Demonstrationen gegen Stuttgart 21 und Atom: Dieser Protest ist bürgerlich

Was ist da los? In Stuttgart protestieren seit Wochen Tausende und Zehntausende gegen ein milliardenteures Bahn-Projekt im Zentrum der Stadt - und gegen den bereits begonnenen Abriss "ihres" alten Kopfbahnhofes.

Was ist da los? In Stuttgart protestieren seit Wochen Tausende und Zehntausende gegen ein milliardenteures Bahn-Projekt im Zentrum der Stadt - und gegen den bereits begonnenen Abriss "ihres" alten Kopfbahnhofes.

Bis zu 50 000 Menschen sollen es am Wochenende wieder gewesen sein, die den politischen Entscheidern deutlich machen wollten: So nicht! Kein kalter Abriss über die Köpfe der Bürger hinweg, denen eben nicht egal ist, welcher Takt just in der Stadt schlägt, in der sie gerne leben. Nirgends sind die Auswirkungen politischer Entscheidungen konkreter als in den Kommunen.

Und in Berlin versammelten sich am Wochenende - je nach Zählart - bis zu 100 000 Menschen, die sich vom Atomkonsens der schwarz-gelben Regierung mit den vier großen Stromversorgern irgendwie über den Tisch gezogen fühlen. Vor allem die nach und nach bekannt werdenden versteckten Klauseln des Atomhandels, der die Stromkonzerne begünstigt, hat den Protest zusätzlich mobilisiert.

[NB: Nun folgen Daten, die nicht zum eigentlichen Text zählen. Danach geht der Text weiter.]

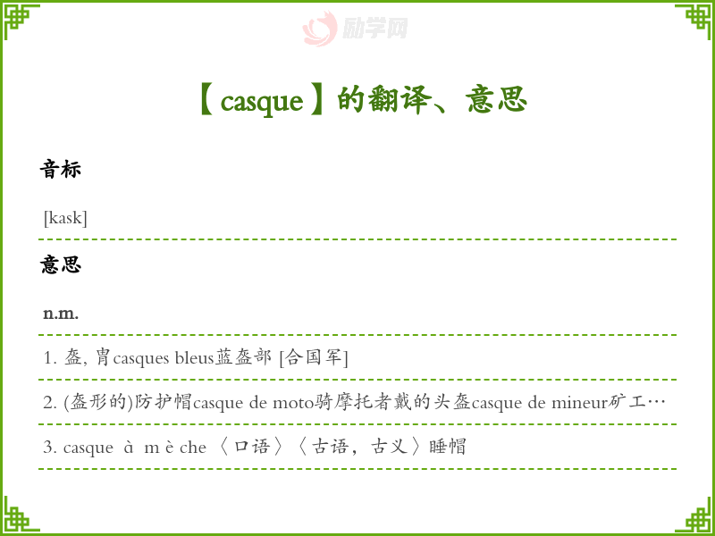 【casque】是什么意思、字义解释

Natürlich könnten die Regierenden die Haltung einnehmen: Beschluss ist Beschluss - im Namen des Landes. Doch Vorsicht! Dieser Protest ist anders. Er ist friedlich. Und er ist grundsätzlich. Es ist nicht mehr Brokdorf oder Wackersdorf, wo einst ein Milieu eingespielter und in Teilen gewaltbereiter Berufsdemonstranten unterwegs war. Dieses Mal sind alle Alters- und Bildungsschichten auf der Straße. Dieser Protest erreicht und beteiligt auch Anhänger, Wähler und Sympathisanten des bürgerlichen Lagers.

Natürlich kann man mit dem Atomthema keine Wahl gewinnen, aber, und das ist entscheidend, man kann sie deswegen verlieren. Probe aufs Exempel? Als CDU-Chefin hat Angela Merkel 2009 davon abgelassen, das Atom im Wahlkampf zu sehr anzuheizen. Auch "Stuttgart 21" ist ein heißes Eisen, eines, dessen Kosten nicht mehr in die Zeit passen.

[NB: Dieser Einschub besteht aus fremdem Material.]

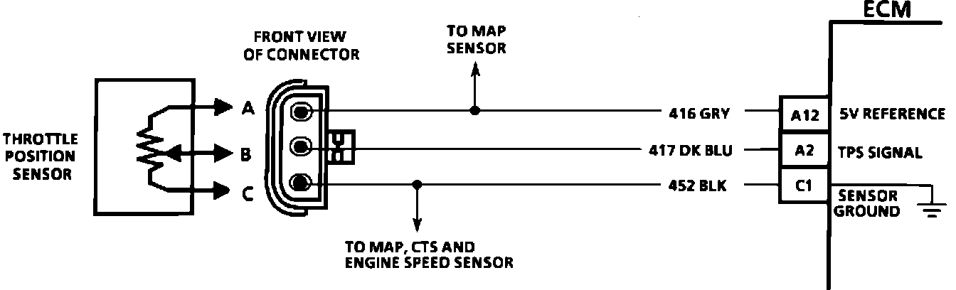 The TPS is a potentiometer with one end connected to 5 volts from the PCM/TCM and the other to ground. A third wire is connected to the PCM/TCM to measure the voltage from the TPS.

Die baden-württembergische Landeshauptstadt war bislang nicht als Hort der Revolution bekannt, eher als Stadt, in der Bewährtes gerne bewahrt würde. Wenn dort Bürger aller Schichten und Angehörige aller Milieus gegen einen als einsam empfundenen politischen Beschluss demonstrieren, ist etwas faul im Ländle.

SPD-Chef Sigmar Gabriel hat jetzt einen Volksentscheid über die Atomlaufzeiten angeregt. Das bringt Stimmung, vielleicht auch Stimmen, ist aber populistisch. Die komplexe Frage der Energieversorgung der drittstärksten Volkswirtschaft der Erde lässt sich nicht per Volksentscheid regeln, was Gabriel als Regierungschef auch niemals anzetteln würde.

Bleibt die Volksabstimmung in Baden-Württemberg, zu der Merkel die Landtagswahl im kommenden Frühjahr ausgerufen hat. Soll am Wahlabend bei der CDU niemand sagen, man habe den Protest falsch wahrgenommen. Diese Stimmung der Bürger ist untrüglich. Es könnte ein gründlicher Denkzettel daraus werden.